For photographer Beverly Buys, the Delta most often begins at the Best Western in Helena. Setting off on sprawling, paper-map-guided routes, her drives emanate out and away from this point of departure, charting squiggly-lined courses—radial points that top out around 100 miles—that take her deep among and into places that seem familiar but aren’t. And in looking through the resulting images, one thought takes hold: that what’s been captured in the blue-toned cyanotype image could be anywhere. And in more than one sense, it could.

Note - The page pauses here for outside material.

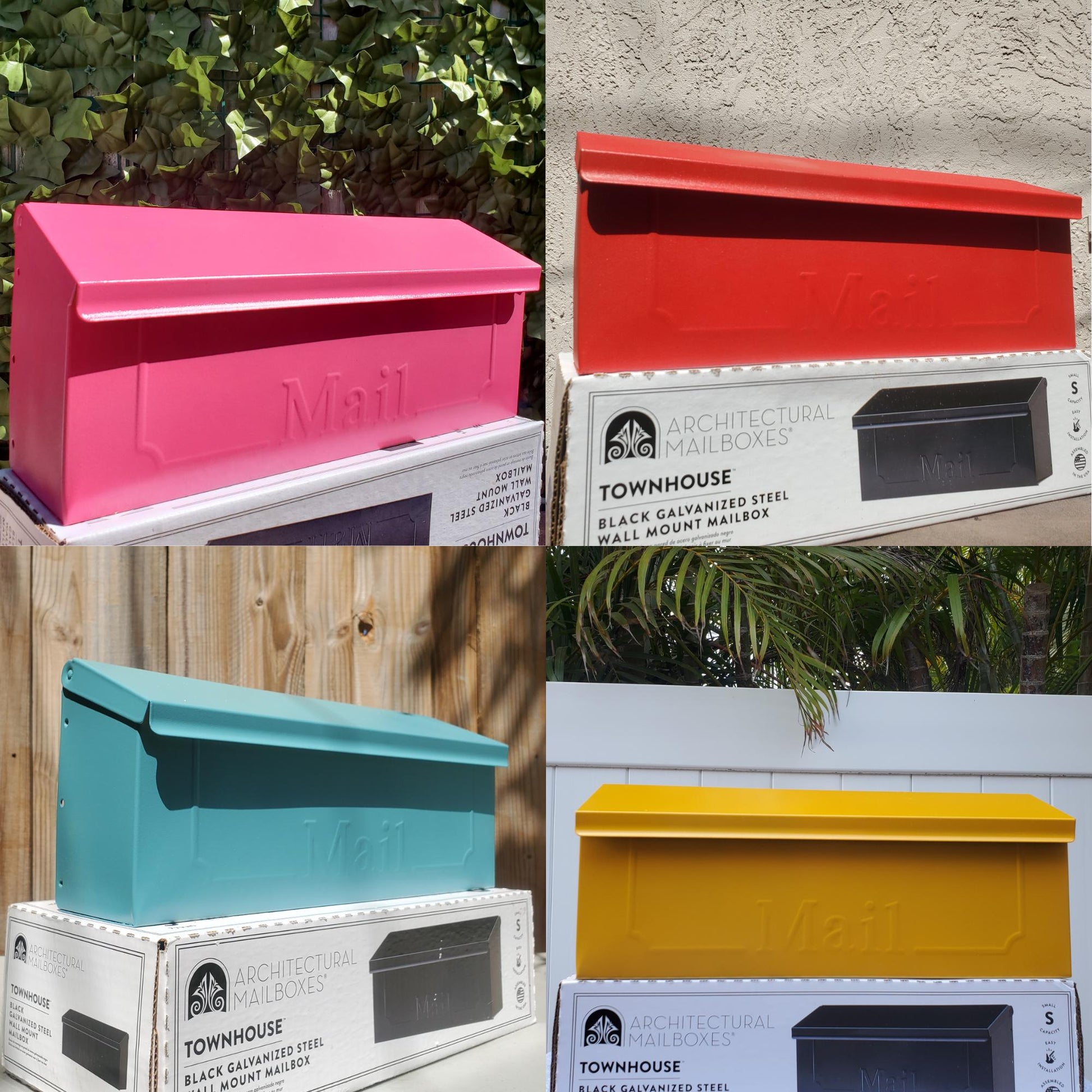 These are small size townhome style metal mailboxes that I purchase and paint. I use only high quality spray paints and a high gloss UV protectant spray. The durable, protective coating provides for a long lasting finish and excellent resistance to fading, chipping and abrasion.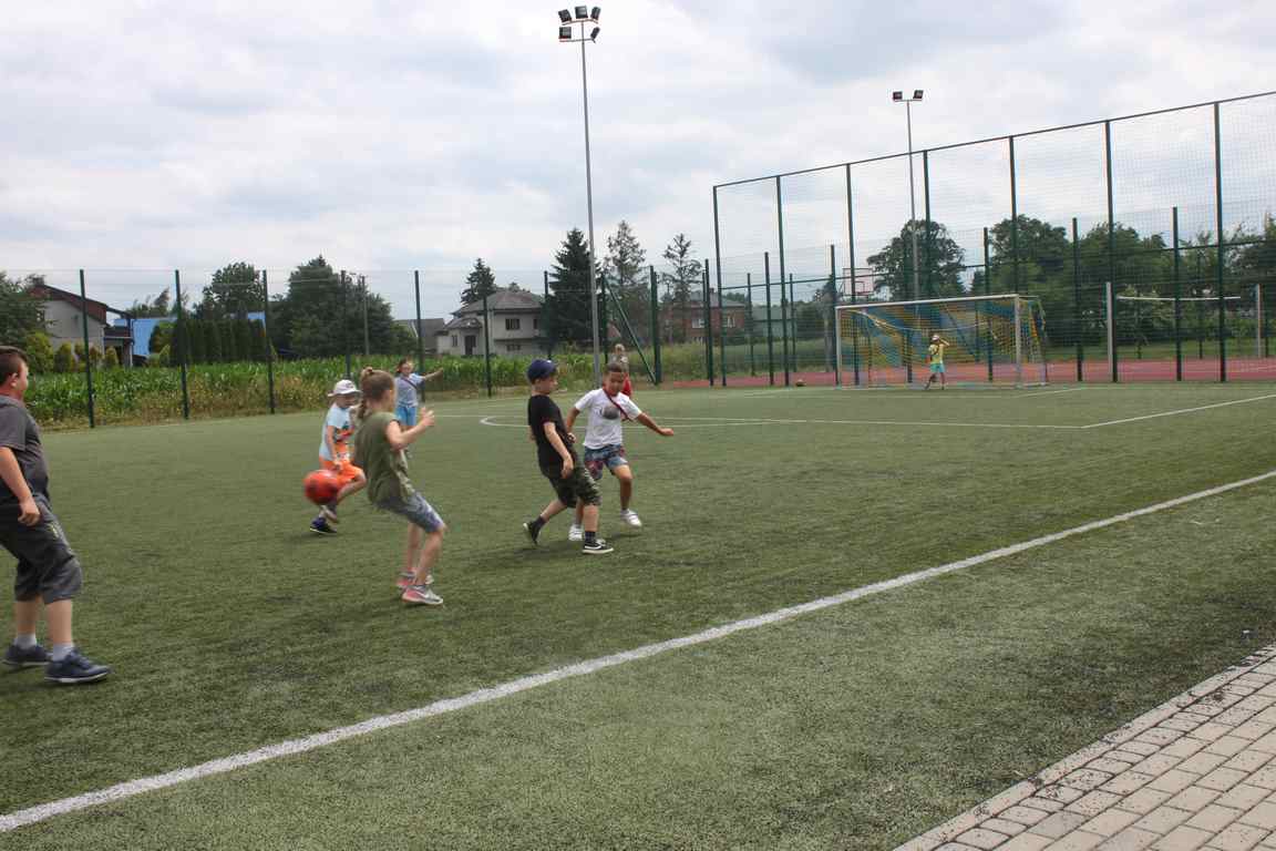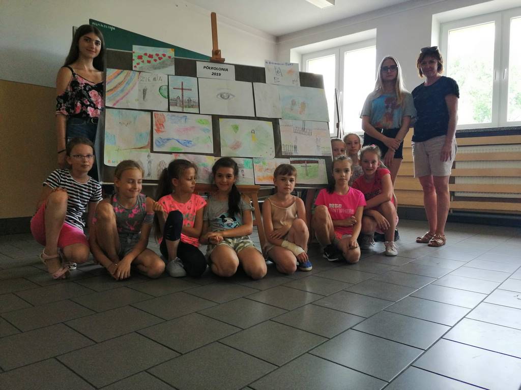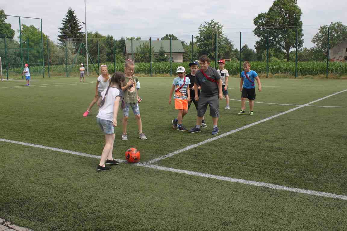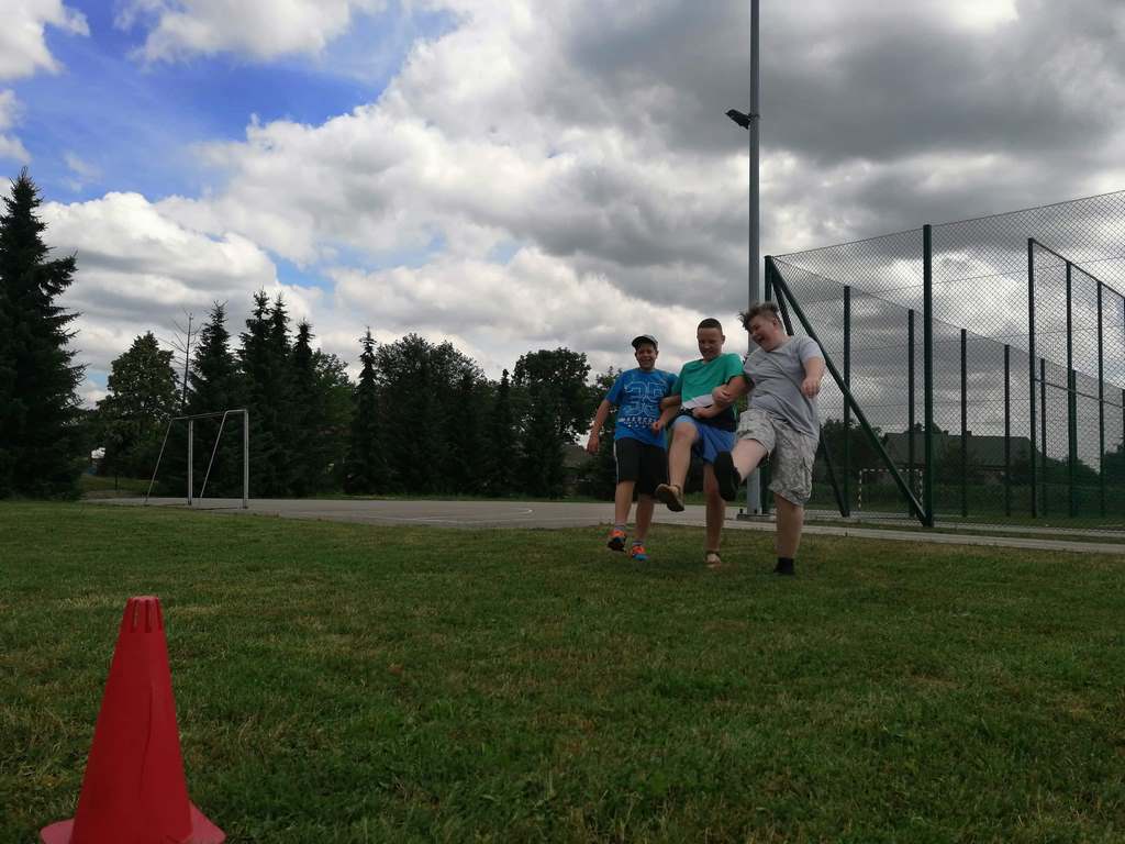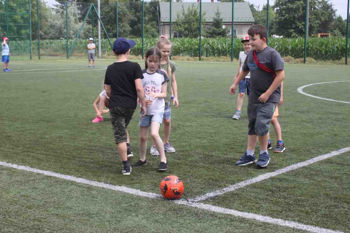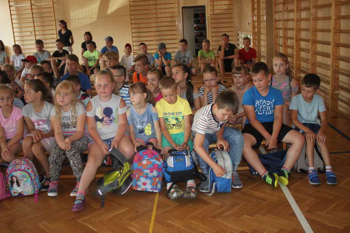 Wraz z początkiem wakacji w naszej szkole rozpoczęła się kolejna już Półkolonia. Pierwszy dzień tradycyjnie nastawiony był na zapoznanie się i integrację. Młodsze dzieci wybrały się na długi spacer po okolicy, rozegrały mecze piłki nożnej oraz do oporu korzystały z placu zabaw wykazując się niezwykłą kreatywnością w wymyślaniu różnego rodzaju gier. Znalazły również czas na rozegranie pierwszego etapu turnieju wiedzy „1 z 10”. Grupa starsza również wykorzystała piękną pogodę na gry i zabawy na świeżym powietrzu. Ponadto rozegrała zawody w przeciąganiu liny oraz odbyła wycieczkę po okolicy połączoną z konkursem plastycznym:)

While that impenetrable sense of anonymity so common to back roads seems to pervade the images the Hot Springs native has captured over the years, so many of the places she’s stumbled upon in her early-morning and late-night expeditions are ones she’d probably have the hardest time rediscovering. However, in speaking with her about her work, there’s something that seems to mirror the serendipitous nature of coming across those places once and never again, a broader reliance upon coincidence and happenstance reflected in the actual development of her photos—frequently marked by what she calls “happy accidents.”
Because while so much of her early instruction in photography emphasized the importance of capturing a perfect image, in recent years she’s started to embrace those elements that unexpectedly impact her work. Say, a blot of water that appears beside a church, bisected by a telephone pole, mirroring a puddle in the dirt road below—or, more significantly, that time a pipe burst in her basement, waterlogging and irrevocably altering photos from another series. (It took a little more time before she was fully able to appreciate that as she does today.) Even the nature of the medium, an early photographic process in which paper is coated with an emulsion made from iron salts, exposed to the sun and washed in her backyard with the hose from her garden, requires the waiving of control.
“I think I’ve kind of designed my process so that there is a lot of chance in it,” she says. “And I’ve kind of embraced the fallibility.”